# Hen, Jake, or Gobbler track?



## Cane_Creek (Feb 25, 2008)

Just curious to what you guys think?  I should have placed something beside the track for scale.


----------



## rex upshaw (Feb 25, 2008)

jake or gobbler.


----------



## Randy (Feb 25, 2008)

Hard to tell gobbler from Jake but it is not hen.


----------



## Huntinfool (Feb 25, 2008)

Well....I was gonna say hen so...

I think the black dot behind the track is just a black dot and not part of the track.  Scale would definitely help.  But it looks like a hen to me.


----------



## Wetzel (Feb 25, 2008)

I'll also say hen.


----------



## Cane_Creek (Feb 25, 2008)

The black dot is part of the track.. I noticed it when I was taking the picture and looked closely at it.


----------



## Huntinfool (Feb 25, 2008)

ok, then I guess I'd go jake.  It's off to the side pretty far, that's why it looked like just part of the ground to me.  Scale would help.  But I'd go jake if that actually is part of the track.
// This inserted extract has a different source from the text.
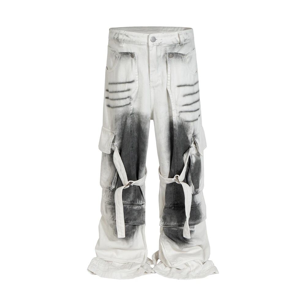 男性用の水しぶきインクジーンズ,白いルーズデニムパンツ,マルチポケット,バギー,カーゴパンツ,特大のストリートウェア,ユーズド加工 y2k ボトムス T240901062713_01

To me, a heavier bird's toes would be more spread out than that in a track.  The weight forces them out more (at least that's how it works in my crazy head).


----------



## Georgiaboy83 (Feb 25, 2008)

Jake


----------



## blong (Feb 25, 2008)

I have measured my middle(birdie) finger against tracks that I saw toms make and what I found is:
From the big knuckle at the base of my finger to the tip of my finger is generally the same lenght as a toms track from his heel(center pad) to the tip of his toenail on his middle toe. Sometimes a jake track is this long but the toes are very skinny compared to a adult tom.  The dot you see at the back off the track is from the claw on the back of the leg.


----------



## hawglips (Feb 25, 2008)

Its a gobbler (or jake).  The long middle toe gives it away.


----------



## Cane_Creek (Feb 25, 2008)

Last season I had three jakes walk by me where I took this pic (yesterday).  Maybe it's one of those guys.


----------



## jcarter (Feb 25, 2008)

hard to say without something to give it scale. it was leaning to the right though.


----------



## Slings and Arrows (Feb 25, 2008)

How long was the stride between tracks?


----------



## Cane_Creek (Feb 25, 2008)

Didn't take note of the stride.  The bird was with another bird, about the same size track.


----------